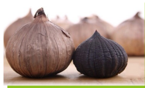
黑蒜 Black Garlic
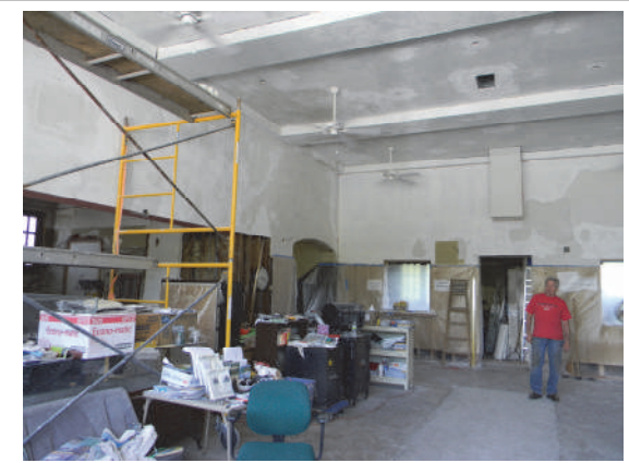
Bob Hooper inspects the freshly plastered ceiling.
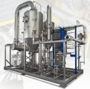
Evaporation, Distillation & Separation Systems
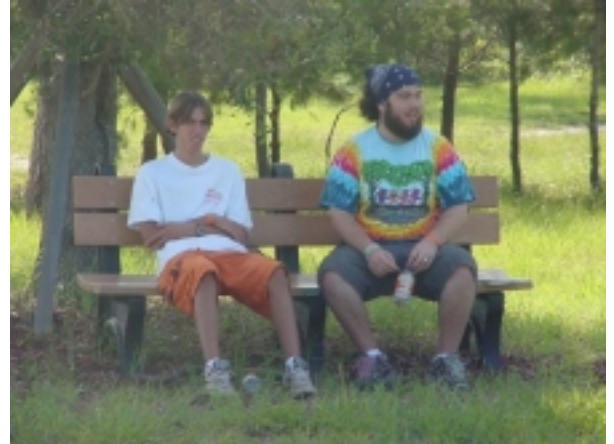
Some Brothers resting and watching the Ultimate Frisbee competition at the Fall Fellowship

REQUIRED ACTION → Transcribe all data precisely. Pictures are not copied.

OUTPUT FOR THIS TASK →
黑蒜 Black Garlic
Bob Hooper inspects the freshly plastered ceiling.
Evaporation, Distillation & Separation Systems
Some Brothers resting and watching the Ultimate Frisbee competition at the Fall Fellowship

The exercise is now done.